CAFA. ECF 22. II. Standard of Review “Federal courts are courts of limited jurisdiction[,]” possessing “only that power authorized by Constitution and statute.” Robb Evans & Assocs., LLC v. Holibaugh, 609 F.3d 359, 362 (4th Cir. 2010) (quoting Kokkonen v. Guardian Life Ins. Co., 511 U.S. 375, 377 (1994)). The plaintiff bears the burden of establishing subject matter jurisdiction, and it is presumed that a federal court lacks jurisdiction over a case until the plaintiff demonstrates the contrary. Kokkonen, 511 U.S. at 377; see also United States v. Poole, 531 F.3d 263, 274 (4th Cir. 2008) (“A court is to presume . . . that a case lies outside its limited jurisdiction unless and until jurisdiction has been shown to be proper.”).

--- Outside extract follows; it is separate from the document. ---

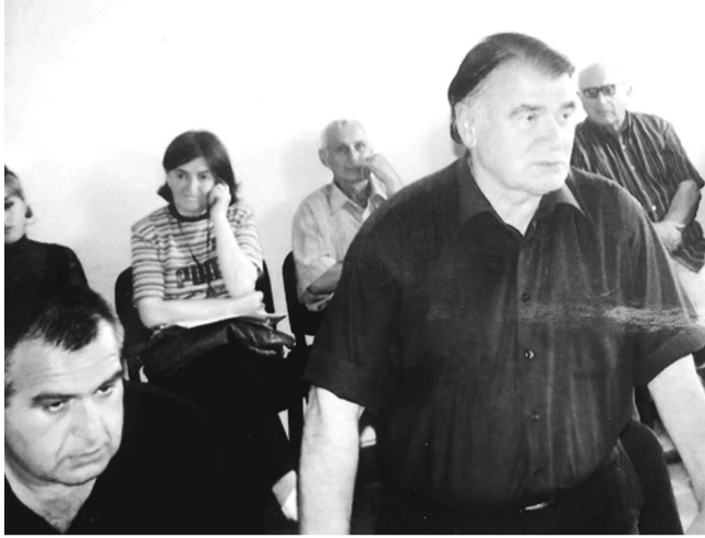
„კოლხეთის“ 85 წლის იუბილე, 2008 წ.
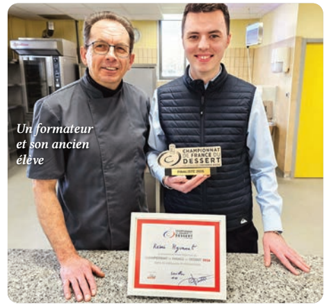
Un formateur et son ancien élève

tis, afin de leur offrir une expérience professionnelle et humaine enrichissante. Ces mobilités permettent aux jeunes de découvrir d'autres pratiques professionnelles, d'autres organisations de travail et des savoir-faire propres à différents pays. Elles contribuent ainsi à élargir leur regard sur les métiers et à renforcer leur capacité d'adaptation, des compétences particulièrement recherchées dans les secteurs de l'hôtellerie et de la restauration. A une époque où les soft skills sont importants, les séjours à l'étranger sont une expérience personnelle marquante. Les apprentis gagnent en autonomie, développent leur confiance en eux et s'adaptent à un environnement nouveau. Pour les entreprises, ces expériences représentent également une valeur ajoutée. Les jeunes qui ont bénéficié d'une mobilité internationale reviennent souvent plus ouverts, plus autonomes. Dans notre prochain numéro, zoom sur nos expériences avec Budapest et Milan. Nos partenaires allemands de HOGA, à la soirée du 5/02/26

“A motion to dismiss based on lack of subject matter jurisdiction pursuant to Rule 12(b)(1) raises the question of whether the Court has the competence or authority to hear the case.” Davis v. Thompson, 367 F. Supp. 2d 792, 799 (D. Md. 2005). When, as here, the defendant asserts a facial challenge to subject matter jurisdiction “by contending that, even assuming that the allegations are true, the complaint fails to set forth facts upon which jurisdiction is proper,” the plaintiff “is afforded the same procedural protections as he would receive under a Rule 12(b)(6) consideration[.]” Durden v. United States, 736 F.3d 296, 300 (4th Cir. 2013) (quoting Kerns v. United States, 585 F.3d 187, 192 (4th Cir. 2009)) (internal quotation marks omitted); see also Kenny v. Wilson, 885 F.3d 280, 287 (4th Cir. 2018) (applying the Rule 12(b)(6) standard on a facial challenge to jurisdiction). When ruling on a Rule 12(b)(6) motion, the Court must accept the allegations as true and draw all reasonable inferences in favor of the pleader. Williams v. Kincaid, 45 F.4th 759, 765, 777 (4th Cir. 2022). But the Court does not accept “legal conclusions couched as facts or unwarranted inferences, unreasonable conclusions, or arguments.” United

States ex rel. Taylor v. Boyko, 39 F.4th 177, 189 (4th Cir. 2022) (quoting United States ex rel. Nathan v. Takeda Pharms. N. Am., Inc., 707 F.3d 451, 455 (4th Cir. 2013)). Merely reciting a claim’s elements “and supporting them by conclusory statements does not meet the required standard.” Sheppard v. Visitors of Va. State Univ., 993 F.3d 230, 234 (4th Cir. 2021) (quoting ACA Fin. Guar. Corp. v. City of Buena Vista, 917 F.3d 206, 212 (4th Cir. 2019)). On a Rule 12(b)(6) motion, the Court “does not resolve contests surrounding facts, the merits of a claim, or the applicability of defenses.” Ray v.